We’re thinking the whole thing is the perfect metaphor for pride weekend in Chicago because: 1) gays like clean dishes 2) “broken glass” sounds kinda like “assless chaps” and 3) the boyfriend has to work on pride Sunday so I’ll be the extra wheel in the unlikely event I pal around that day with four round people who share a nice rack.
I’ve never been a huge fan of pride parades because anymore they just seem like an excuse for people to get drunk and obnoxious but with even less parking. Don’t get me wrong—I love the pride parades’ Book-of-Revelation displays of nakedness and debauchery simply because they send the thumper crowd into paroxysms of self-righteous apoplexy. And in some cases I just like the displays of nakedness. And I most certainly share in the community pride we feel after surviving another year of hostile attacks from butt-stupid religious freaks and sleazy politicians who trade our rights and equality and access to insurance and health care for hate votes.

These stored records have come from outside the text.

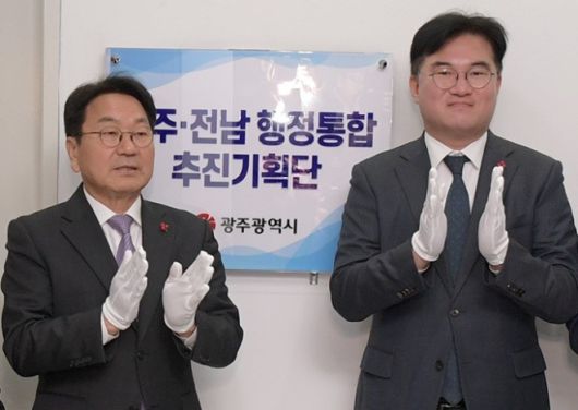 광주시와 전남도는 5일 각각 행정통합 추진기획단 현판식과 실무회의를 여는 등 지방선거에서 통합 광역단체장을 선출하기 위한 법적 절차 마련에 돌입했다.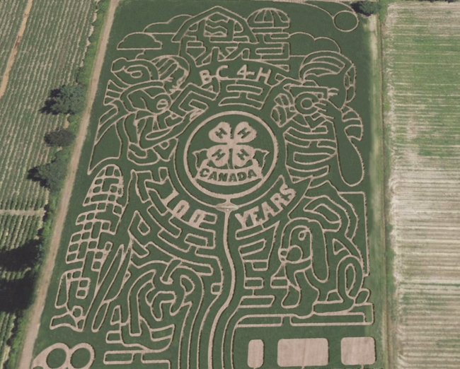 4-H is celebrated their 100 year mark in Pitt Meadows, BC. Canada. This maze celebrates 4-H with a hike of 5.4 miles in the 10 acre + design.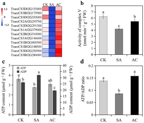 Effects of N treatments on ATP synthesis in roots of wheat seedlings: (a) expression of DEGs encoding ATP synthases; (b) activity of root complex V; (c) ATP and ADP content; (d) ratio of ATP to ADP. Values represent mean ± SD from three independent biological replicates. Different lowercase letters above columns indicate significant differences at p < 0.05. Wheat seedlings were treated with 7.5 mM NO3− (CK), 7.5 mM NH4+ (SA), or 7.5 mM NH4+ + 3 mM HCO3− (AC).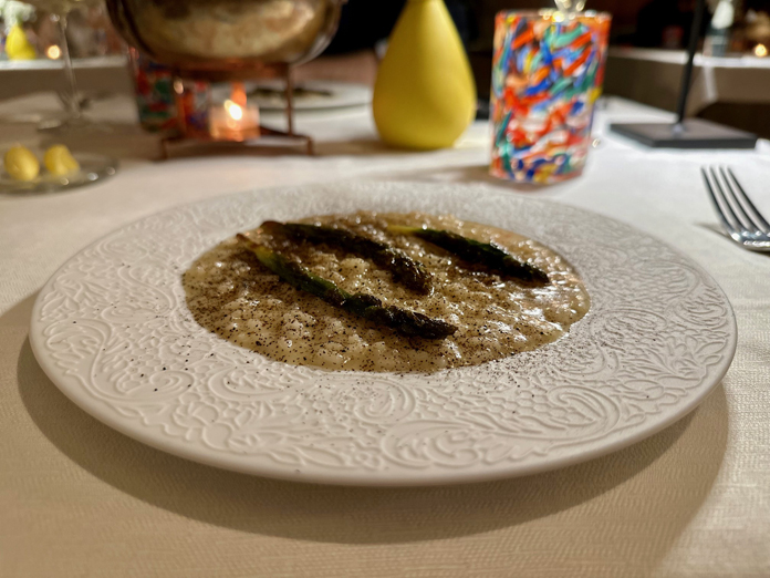 Con il risotto mantecato al midollo, polvere di limone bruciato e asparago verde si torna alla terra, tra affumicatura e freschezza del limone.

But as I careen toward my dotage, I’m becoming less and less of a fan of crowds and noise and rowdiness and sparkle shoes that rarely go with anything. And since I’ll be all alone on pride Sunday (sniff) I’m not even going to go to the parade. OK, and since my boss’ wedding reception is during the parade, I’m not going to the parade either. But I have no plans to go from the reception to the messy parade aftermath. At least not in seersucker.
I’m not a total Eeyore, though; I am running the Big Gay 10K (which I think is a better name than “Proud to Run” but nobody asked my opinion when they were namestorming) on Saturday morning with the boyfriend and a bunch of people from my marathon pace group. And we may go to Crew (the gay sports bar with the fancy pub grub) afterwards to fill our bellies with celebratory food and drink. And I plan on painting the non-tiled walls of the kitchen this weekend, but we’re going with a light gray-green, which isn’t one of the rainbow colors in that ugly pride flag so I guess that project doesn’t count.
And once I make sure that wheel isn’t some vital part of the dishwasher, I plan on doing some more dishes. As we learned above, gays like clean dishes. So I guess I will be doing my part for pride after all.